Oh look, this blog supports comments.


  1. My ex-manager does not have a cool license plate, but FWIW, he drives a BMW Z3, and usually rolls with the top down.

    If I have learned one thing, it is that the best way to ensure success in the workplace is to completely love what it is that you’re doing. This takes more or less direct effort depending on your natural affinity for your job. From what you’ve written, it sounds like teaching people about ethical hacking may very well be the better path; as odd as it sounds, it’s the one I’d recommend, if you can be reasonably assured that it will provide the neccessities for your family.

    I think you’d love the UCD job, and have said as much in the past. But it sounds like your heart is in a more hands-on like position, where you get to directly finesse cirricula, minds and business plans. The one thing that may indeed kill the hell out of you in UCD is the lack of actual making of things.

    Besides, my ex-manager is convinced I’ll be back in a year or so anyway, isn’t he?
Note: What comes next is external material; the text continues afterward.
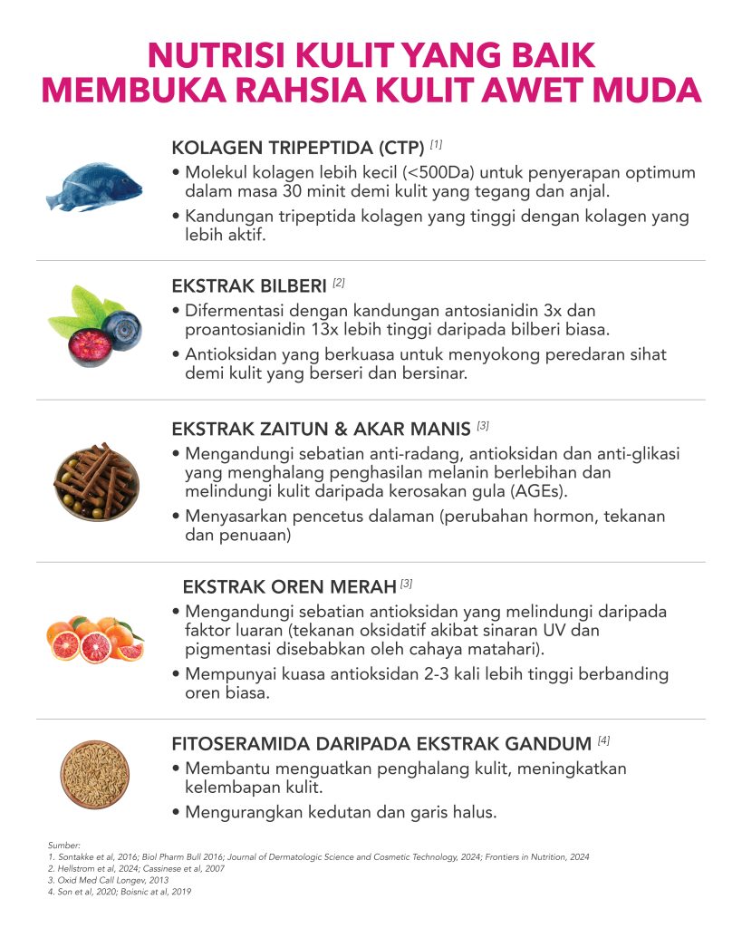 Minuman kolagen inovatif yang dirumus dengan Kolagen Tripeptida termaju dan berpaten, digabungkan dengan antioksidan berkhasiat (campuran ekstrak botani) untuk memberikan manfaat kulit yang menyeluruh. BElixz COLLAGEN PLUS membantu menjadikan kulit lebih tegang dan anjal, menyerlahkan seri semula jadi, serta mengekalkan kulit yang licin dan tampak sempurna. Mudah diamalkan setiap hari, ia menyuburkan kulit dari dalam bagi menyerlahkan kulit yang sihat dan awet muda.

  2. So, now that I’ve read through a bit more I have two follow on thoughts:
    1) You’re smarter than me. To be frank, I’d always kind of suspected this, but it’s always impressive to get a sense of relative scale.
    2) There is a potential downside to the teaching job, which is that it’s not certain how much opportunity you’d have for intellectual promiscuity. True, you may have huge chunks of time off in which to dabble and such, but I’ve always found that it’s easier to stretch one’s intellect in the company of others.

    Which brings me to the solution: the security job, and the off-time spent at my new offices! Eh? Eh!?

  3. Could you do both? Some big companies allow their staff to pursue part-time side projects, sometimes even letting them do an 80% workweek to accomodate them. Some managers at companies that officially don’t will let people do this anyway.

  4. I would guess – and since he’d be working for my ex-manager, presumably taking on some of my ex-workload, I’ve got a pretty good sense of these things – that he could do both, although not officially, and only if it was a day of teaching here and a day of teaching there. Taking weeks at a time off would be impractical, if not impossible.

  5. […] The aforementioned cusp has come and gone. I’m taking the UCD job. […]

  6. Hi. I used to work @ the Watson Research Lab back in the day. I always enjoyed the annual UCD conference. And always imagined a UCD shagra-la up there in Canada. Funny to run across your blog. Good luck with the UCD job.

  7. I enjoyed your site and look forward to more.

  8. I did a Google for beltzner basf, and your July 18, 2005, entry came up. It looks like Mike Beltzner in California may have Canadian roots, and I am trying to find out something about O. W. Beltzner, a former (and founding) vice president of BASF Canada. I clicked on a link to Mike Beltzner’s website, but I could not figure out how to send him a message. (I don’t do blogs very often.) Can you please tell me how I can reach Mike Beltzner? Thanks.

  9. Your post is on target. Keep it up.